What needs to be done
The response should consist of every line below, restated exactly, with no pictures.

Given data
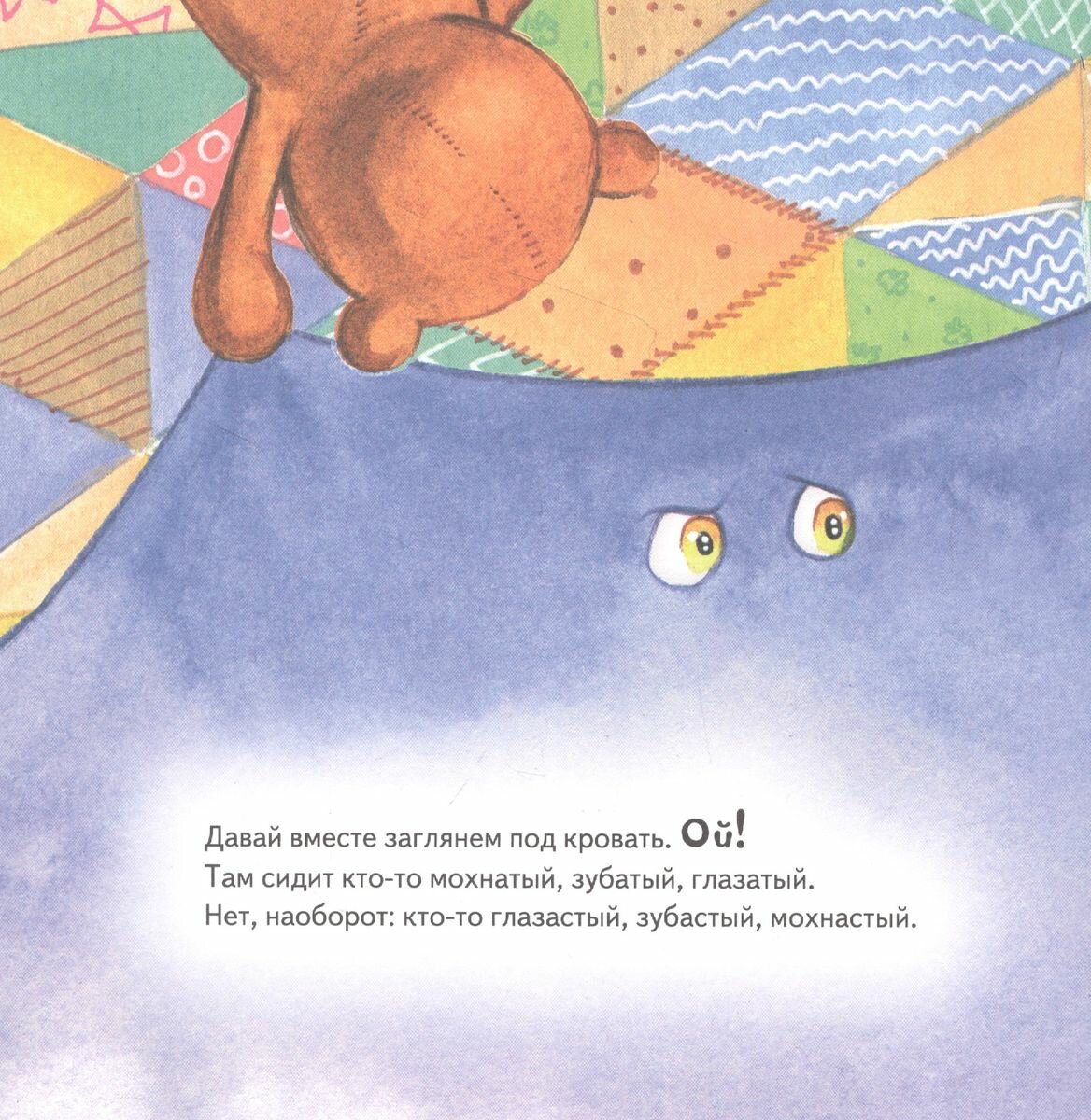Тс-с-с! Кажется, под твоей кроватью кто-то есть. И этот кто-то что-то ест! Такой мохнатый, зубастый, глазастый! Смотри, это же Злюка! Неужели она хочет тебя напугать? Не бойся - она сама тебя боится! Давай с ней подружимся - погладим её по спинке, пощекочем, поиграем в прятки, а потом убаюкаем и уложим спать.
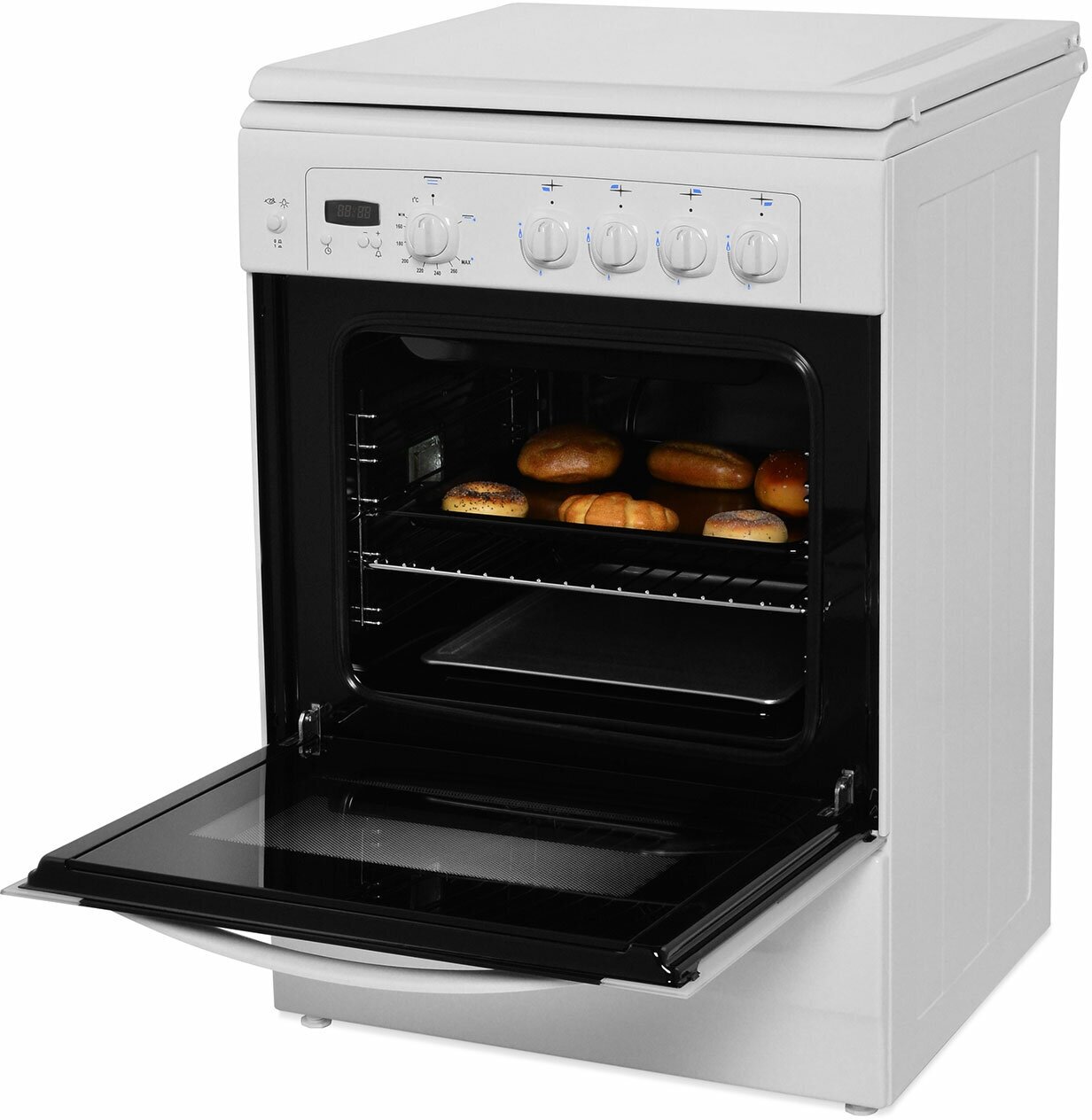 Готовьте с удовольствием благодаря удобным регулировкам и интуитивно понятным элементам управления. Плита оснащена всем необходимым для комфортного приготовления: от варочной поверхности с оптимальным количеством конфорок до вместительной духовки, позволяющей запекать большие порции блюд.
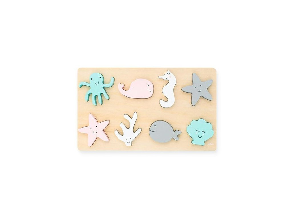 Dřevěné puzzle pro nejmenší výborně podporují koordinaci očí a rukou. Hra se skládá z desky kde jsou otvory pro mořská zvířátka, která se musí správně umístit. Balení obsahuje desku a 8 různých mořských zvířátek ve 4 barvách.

Task result
Тс-с-с! Кажется, под твоей кроватью кто-то есть. И этот кто-то что-то ест! Такой мохнатый, зубастый, глазастый! Смотри, это же Злюка! Неужели она хочет тебя напугать? Не бойся - она сама тебя боится! Давай с ней подружимся - погладим её по спинке, пощекочем, поиграем в прятки, а потом убаюкаем и уложим спать.
 Готовьте с удовольствием благодаря удобным регулировкам и интуитивно понятным элементам управления. Плита оснащена всем необходимым для комфортного приготовления: от варочной поверхности с оптимальным количеством конфорок до вместительной духовки, позволяющей запекать большие порции блюд.
 Dřevěné puzzle pro nejmenší výborně podporují koordinaci očí a rukou. Hra se skládá z desky kde jsou otvory pro mořská zvířátka, která se musí správně umístit. Balení obsahuje desku a 8 různých mořských zvířátek ve 4 barvách.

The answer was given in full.